I used to have very strong fine motor skills, good handwriting, did a lot of art that required very fine work... Now I can't even write out a whole check without my hand getting tired. Writing thank you cards is torture and I didn't send out Christmas cards this year, it's just too hard for me to write that much. And trying to do things like threading a needle (never mind sewing by hand!) or other little tasks is painful and time-consuming... I used to do these things easily & quickly.

I'm only 29!!! Is this just a part of getting old? My work requires my to be on the computer for hours a day & many days I'm in a lot of pain by the end of the day. And it's a bit embarrassing to have to ask for help with things I used to do just fine. Or signing papers and having my signature look all funny by the third line I sign. I can't open jars and sometimes I can't even unbuckle DS's sealbelt!
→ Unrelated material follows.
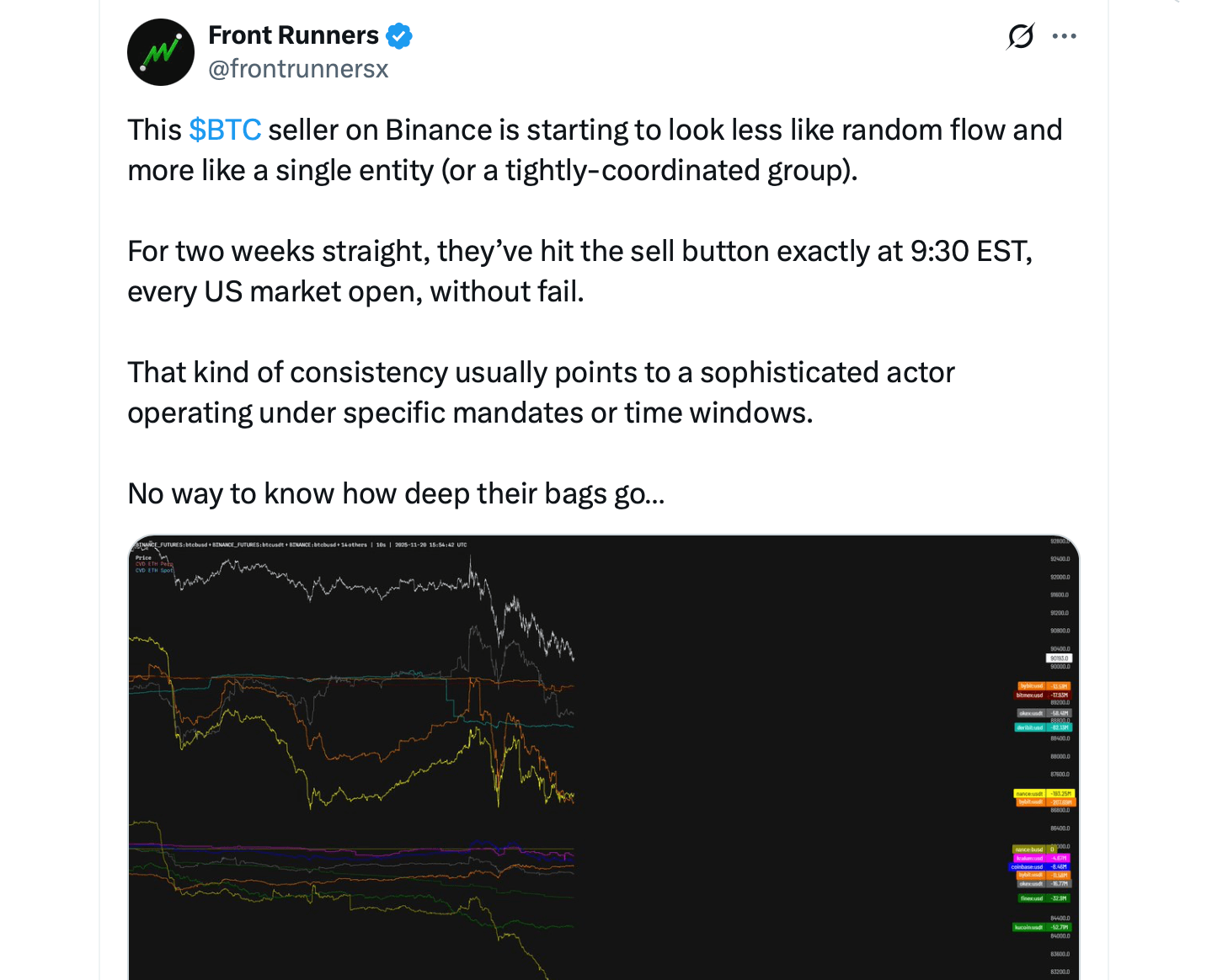 その乖離は、誰か — または複数の企業 — が薄い市場で実行が破損した状態の中でリスクを解消しているという信念を高めています。それはリズムに合っています:同一の売却ウィンドウ、薄い流動性のブレーク、そして通常の反発行動の欠如です。市場崩壊理論の広範なスペクトルに加えて、人工知能(AI)バブルの崩壊、日本の長期債の爆発、トランプの貿易戦争、株式市場の修正、そして米国の景気後退に対する有効な懸念があります。

What could cause this???? How can I get my hands working properly again?


----------



## tiqa (Feb 8, 2012)

I'm your age too and I used to have great hand-writing. I recently had to sign some documents lately and write a few brief notes to people) and I was just shocked at how ugly and sloppy my hand-writing was, and how quickly I tired of writing. But I think that just might be that I'm out of practice? Otherwise my fine-motor skills are typically fine as far as I can tell (Iike I do needlepoint, for one, and have no problem with it) but I do notice that my hands shake quite a bit. Not every day, but I'd say more days than not, and sometimes pretty badly. =/ I don't have problems with jars or buckles, but I have definitely lost strength. But I don't find this typical of someone our age, so unfortunately, I don't know what's going on, really. From my brief Internet-based research I discovered that mold can sometimes cause this type of thing, or toxic substances in the body that affect the nerves, but I'm not sure if that has any relation to you. I guess in your position (and mine too) I would first do a detox, try to "exercise" my hands a bit (like writing by hand, getting one of those little hand-squeezy-grippy things to strengthen the muscles - heck, squeeze a rubber ball or stress ball. And if those didn't improve the issue, I'd document specific issues and take it to your doctor of choice (if that's an option for you).


----------



## DoubleDouble (Oct 26, 2011)

Check for carpal tunnel and B12 deficiency. I've had both and had trouble with unbuckling belts, opening pickle jars, etc. Sewing by hand became a huge bother, putting a string of beads together - same thing. Eventually it got so bad that one day I couldn't pick up a coffee mug without dropping it - the grip was too weak. Now I'm much better, I hope you can figure it out soon too.

Do you have memory problems, too? Tingling in your hands, shakiness, twitching fingers, tingly / itchy skin?


----------



## crunchy_mommy (Mar 29, 2009)

My memory is OK, at least my day-to-day memory (I don't remember my childhood and my long-term memory is just not great). My hands don't tingle, except at night if I'm sleeping funny!







They don't normally twitch but will from time to time start randomly shaking. And yes to the tingly/itchy skin, though it comes & goes.

DH got me one of those hand squeeze exercise things but I can't use it, it's too painful. Sometimes I get a shooting pain up my arm with things like that, but more often it just makes my hand feel achy & weak.

DoubleDouble, how did it get better for you?


----------



## DoubleDouble (Oct 26, 2011)

The condition that produced B12 deficiency was diagnosed and slowly got better, and I also took B12 supplements. As for carpal tunnel, I revised my work habits, used a wrist brace and wrist support pillow, and switched the mouse to the other hand.


----------



## FrannieP (Sep 11, 2007)

Quote:


> Originally Posted by *DoubleDouble*
> 
> The condition that produced B12 deficiency was diagnosed and slowly got better, and I also took B12 supplements. As for carpal tunnel, I revised my work habits, used a wrist brace and wrist support pillow, and switched the mouse to the other hand.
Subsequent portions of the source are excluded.